Start of Block

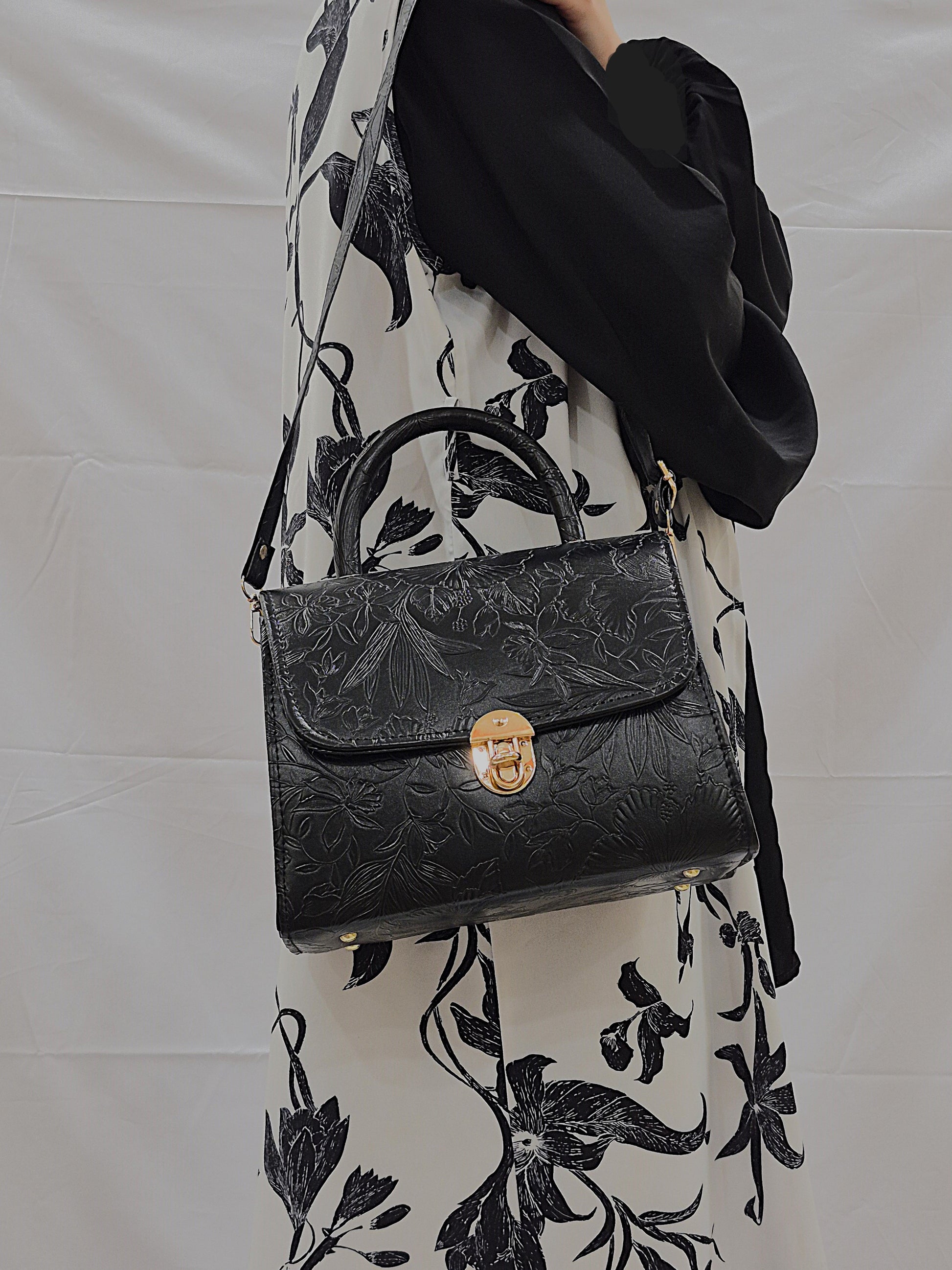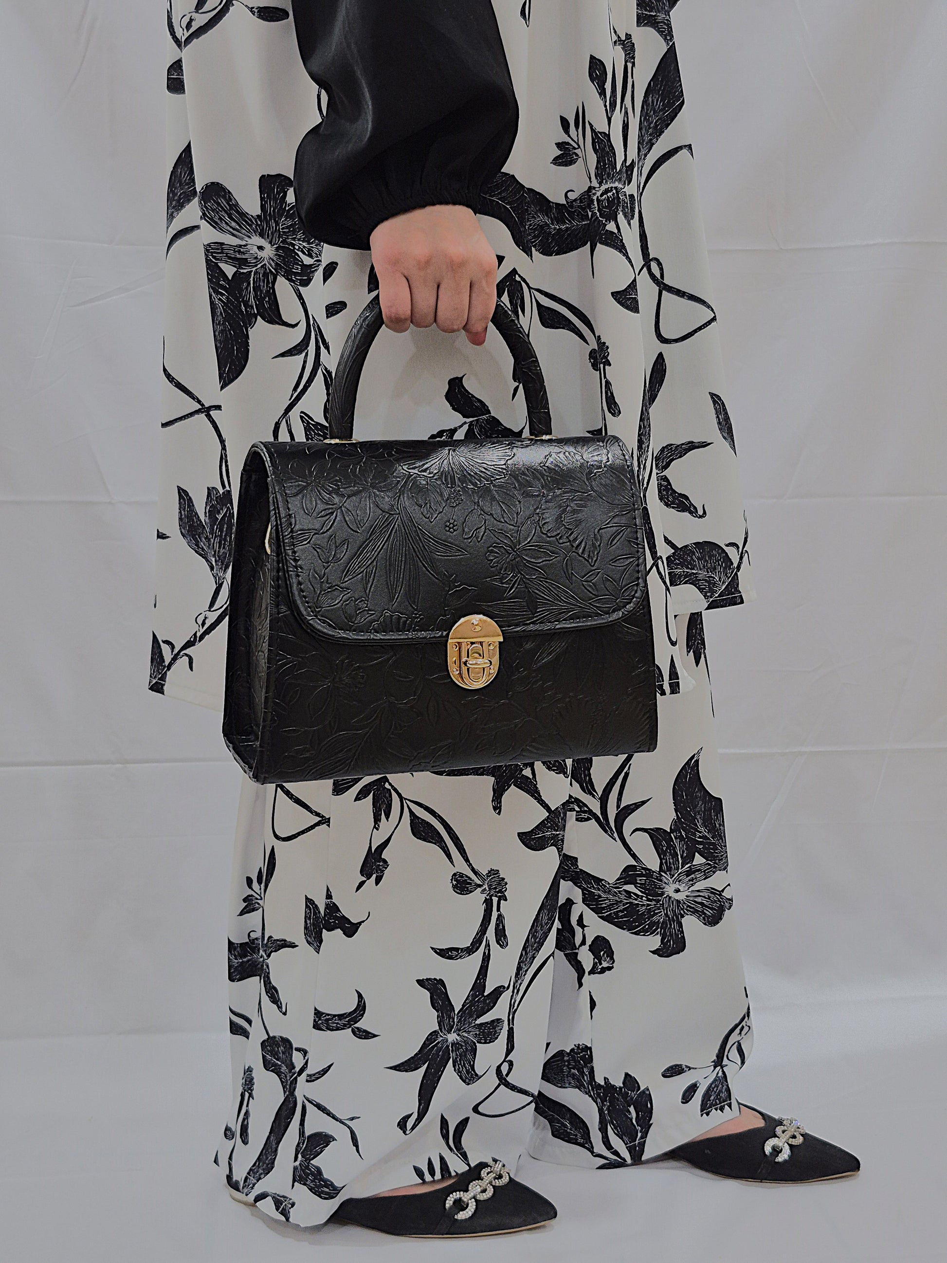Black Flora Satchel
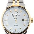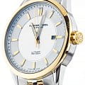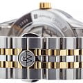Двухцветный браслет из нержавеющей стали с жёлтым PVD-покрытиемPVDУльтратонкое покрытие наносится в технике вакуумного напыления, сочетает в себе нитрид титана особой прочности со слоем золота или оксида хрома. Несёт в себе декоративную или защитную функцию. и застёжке-бабочке с кнопкамиЗастёжка "бабочка"Такой вид застёжки дополняется предохранителями, помогающими избежать случайного раскрытия браслета. Обладают изящным исполнением. обеспечивает комфортное ношение и надёжную фиксацию. Водозащита до 10 ATM делает часы подходящими для плавания и других водных активностей.
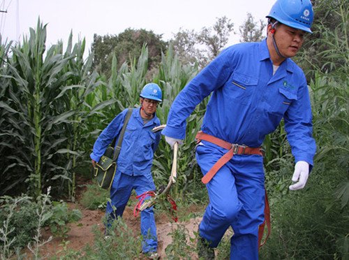 中國電力網(wǎng)訊 “未來一個月是農(nóng)田排灌高峰負荷期,我們的任務(wù)就是要確保線路和設(shè)備的最佳運行狀態(tài),做好保供電工作,幫助村民兄弟農(nóng)作物的正常生長。”烏海電業(yè)局千里山農(nóng)電所“防洪抗旱服務(wù)小分隊”隊長陳彥章和他的同事早早地就開始了一天的工作。當(dāng)前玉米生長進入接穗期,為確保玉米豐收,連日來,烏海電業(yè)局農(nóng)電處千里山農(nóng)電所工作人員奔走在田間地頭,對所轄的灌溉線路及配電設(shè)施進行檢查、維護檢修,針對發(fā)現(xiàn)的隱患和存在的問題及時整改治理,保證設(shè)備處于健康狀態(tài),確保農(nóng)作物生長期間農(nóng)戶生產(chǎn)用電安全可靠。
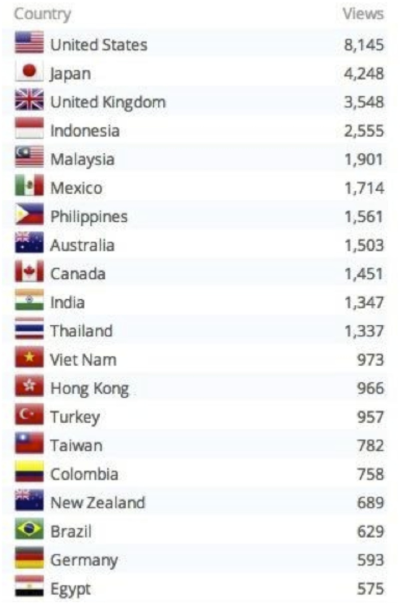 Figure 1. Number of Views in One Year by the Top 20 Countries (from November 1 2012 to October 31 2013)

End of Block

■ **What the exercise asks**
The answer should contain all the material above, copied exactly, and no images.

■ **Completed task**
Black Flora Satchel
Двухцветный браслет из нержавеющей стали с жёлтым PVD-покрытиемPVDУльтратонкое покрытие наносится в технике вакуумного напыления, сочетает в себе нитрид титана особой прочности со слоем золота или оксида хрома. Несёт в себе декоративную или защитную функцию. и застёжке-бабочке с кнопкамиЗастёжка "бабочка"Такой вид застёжки дополняется предохранителями, помогающими избежать случайного раскрытия браслета. Обладают изящным исполнением. обеспечивает комфортное ношение и надёжную фиксацию. Водозащита до 10 ATM делает часы подходящими для плавания и других водных активностей.
 中國電力網(wǎng)訊 “未來一個月是農(nóng)田排灌高峰負荷期,我們的任務(wù)就是要確保線路和設(shè)備的最佳運行狀態(tài),做好保供電工作,幫助村民兄弟農(nóng)作物的正常生長。”烏海電業(yè)局千里山農(nóng)電所“防洪抗旱服務(wù)小分隊”隊長陳彥章和他的同事早早地就開始了一天的工作。當(dāng)前玉米生長進入接穗期,為確保玉米豐收,連日來,烏海電業(yè)局農(nóng)電處千里山農(nóng)電所工作人員奔走在田間地頭,對所轄的灌溉線路及配電設(shè)施進行檢查、維護檢修,針對發(fā)現(xiàn)的隱患和存在的問題及時整改治理,保證設(shè)備處于健康狀態(tài),確保農(nóng)作物生長期間農(nóng)戶生產(chǎn)用電安全可靠。
 Figure 1. Number of Views in One Year by the Top 20 Countries (from November 1 2012 to October 31 2013)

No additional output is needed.